Blair, Türkiye'deki viski satışlarının düşmesi karşısında bizimle pazarlık yapma ihtiyacını duymuştu. Küresel krizi milli ölçekte çözmeye çalışırken; bugün Avrupa'da ve ABD'de bankalar devletleştiriliyor. Rusya ve Almanya dahil birçok ülke yabancı sermayenin girebileceği sektörleri sınırlıyor. Fransa gıda sektöründeki bir firmasının özelleştirilmesine karşı çıkıyor. ABD çelik sanayiindeki sıkıntısını gidermek için azalan rekabet gücü karşısında çelik ürünleri ithalatına ilâve vergi koyuyor. Almanya işçi tasarruflarının Türkiye'ye transfer edilmesine karşı çıkıyor ve oturma izninin kaldırılacağı tehdidinde bulunuyor. Blair, "Egemenlik haklarımızı koruyacağımız, milli çıkarlarımıza hizmet edeceği için AB'ne girdik" diyor.
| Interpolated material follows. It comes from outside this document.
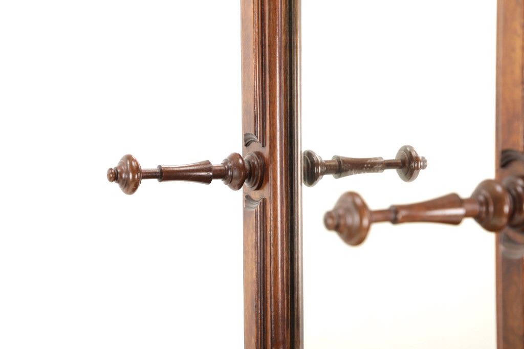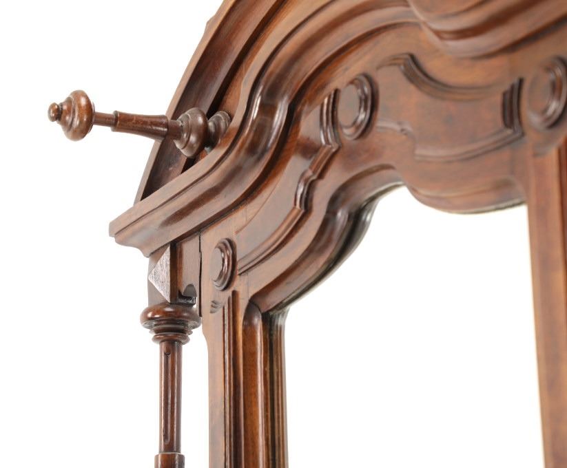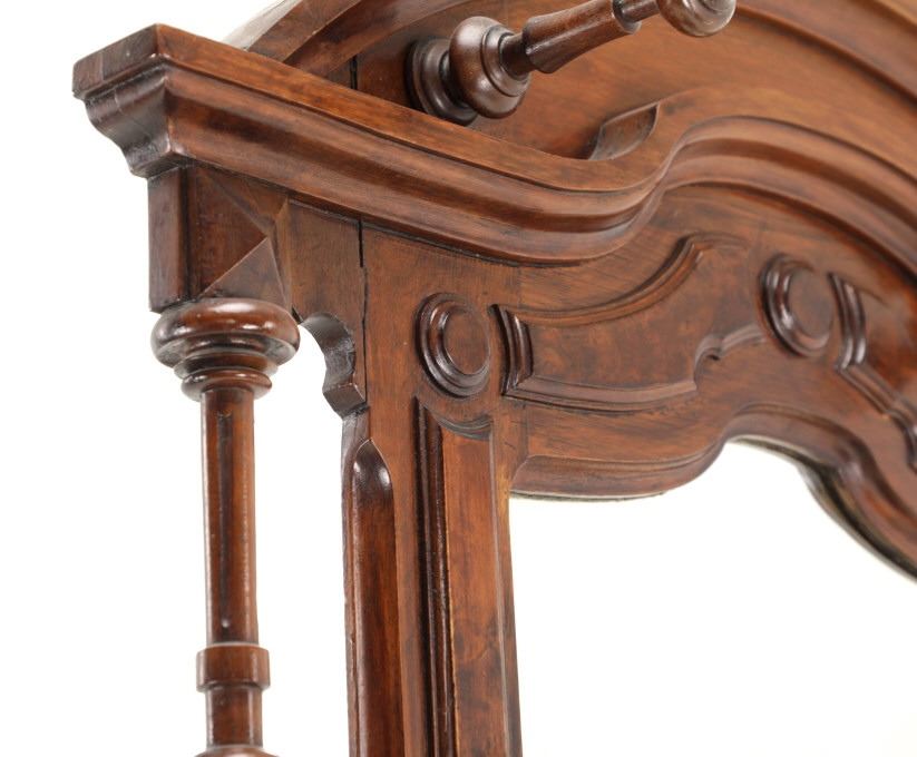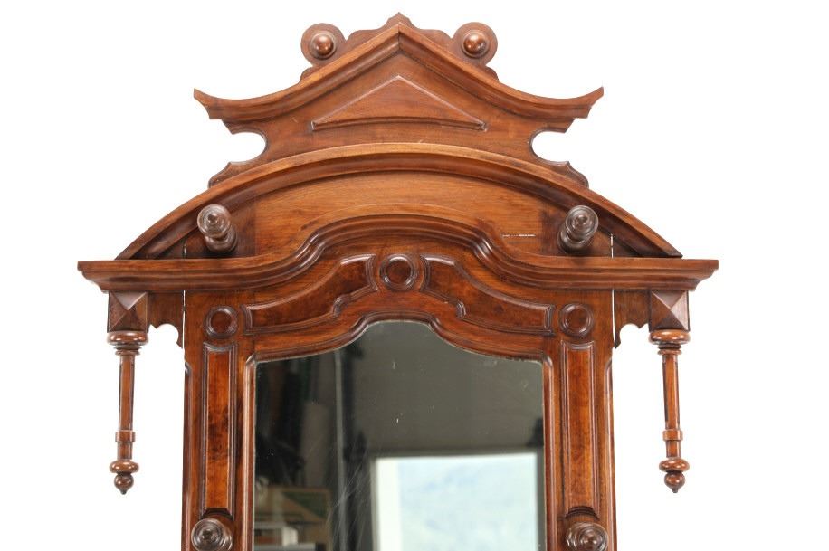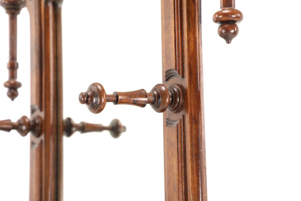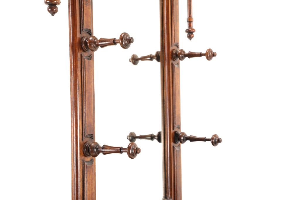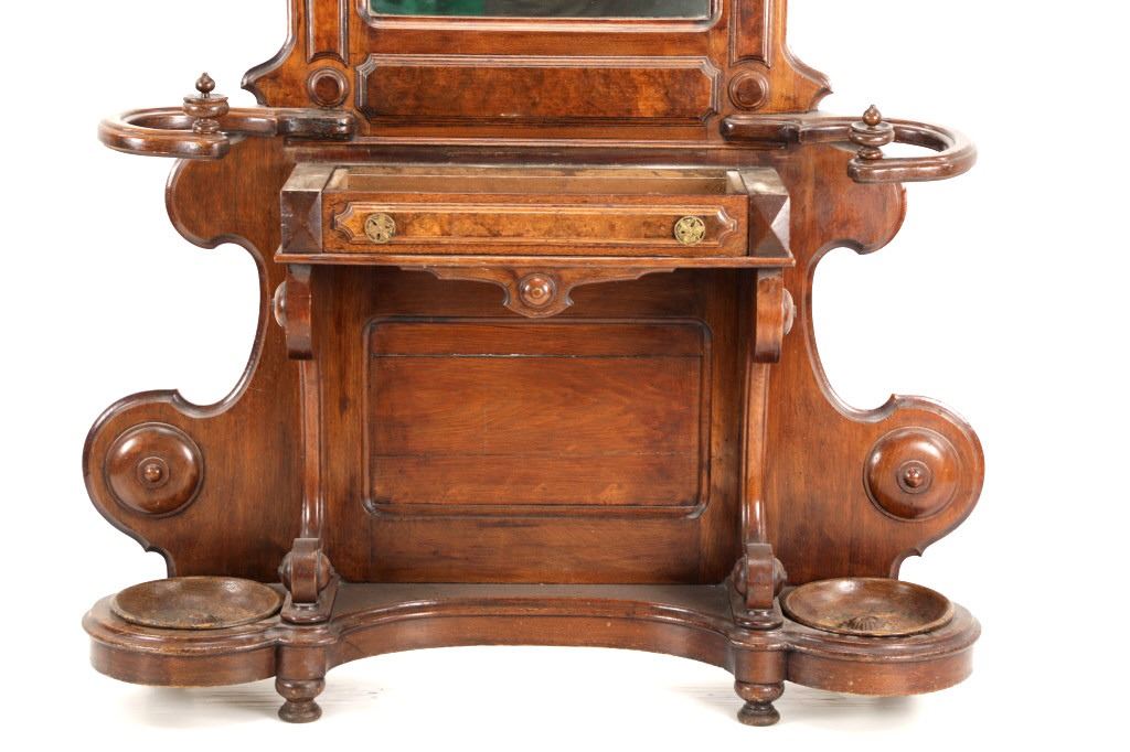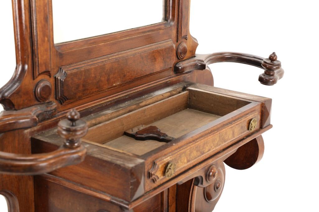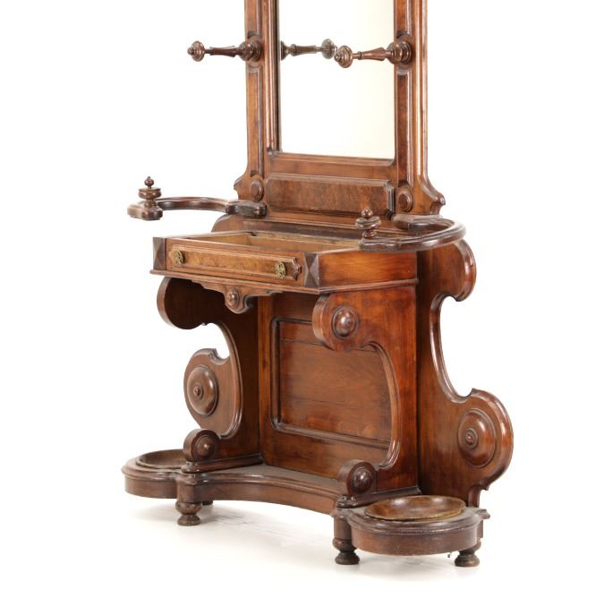For your consideration is this 1860-1890 Rococo style hall tree. The hall tree shows a gorgeous walnut construction and features a large mirror in the center of the hall tree. Around the mirror it shows six large wood hooks for hanging coats and hats on. The crown is ornately carved with sloping edges. On the sides near the base, the hall tree has two metal drips pans and just above those, two umbrella style handles. In the middle next to the handles, the hall tree features one large drawer with a knob on each side. The marble top is missing, but can easily be replaced. Around the mirror and hangers, the front features burl veneers. Overall the hall tree shows good condition with some wear from its antique age and years of use, but no obvious signs of damage other than the missing marble top are present. The hall tree measures 88 1/2" tall by 47" wide and 12 1/2" deep.

BP hisselerinin %22'sini almak isteyen bir Kuveyt şirketine milli çıkar gerekçesiyle bunlar satılmıyor. IMF ile ilişkilerde, dış ve iç borç konusunda herkes çok dikkatli. Maalesef Çin malları AB kanalından Türkiye'ye girebiliyor. Yerli üretim perişan ediliyor; firmalar kapanıyor veya yabancıların eline geçiyor. Milli çıkarlar için yeni alternatifler aranıyor. Ama Türkiye'ye ABD ve AB yörüngesi dışına çıkıp pazarlık gücünü arttırma imkânı verilmiyor. O takdirde, Rusçu ve Avrasyacı olarak suçlanıyorsunuz. AB ve ABD çıkarları adına... 12 Mart 1971 Müdahalesinden önce 9 Mart'ta "Eğer başarılı olsaydık, Türkiye Suriye olabilirdi" diyen bir Osmanlı paşası torunu gazeteci, milli çıkarları korumayı Suriye olmakla bir tutuyor. Çelişkiye bakın...  

Milliyetçi olunmadan milli çıkarlar korunamaz. Sınıfçı ve sınıf çıkarları esas alınarak toplum bütünü ile kavranamadığından yeni emperyalizm olan küreselleştirme ile mücadele edilemez. Ona ancak sınıf çatışmasıyla alan açılabilir. Çekiç Gücü Ortadoğu'ya ve Irak'ın kuzeyine getiren, başımıza bela eden rahmetli Özal sağcı olabilir; ama milliyetçi olamaz. Bunun acılarını bugün çekiyoruz. Kısaca; dün de bugün de doğruları dile getirenlerin devamıyız. Ziya Gökalp'in iktisadi milliyetçilik fikri, hâlâ pırıl pırıl parlıyor ve gündemdeki yerini koruyor.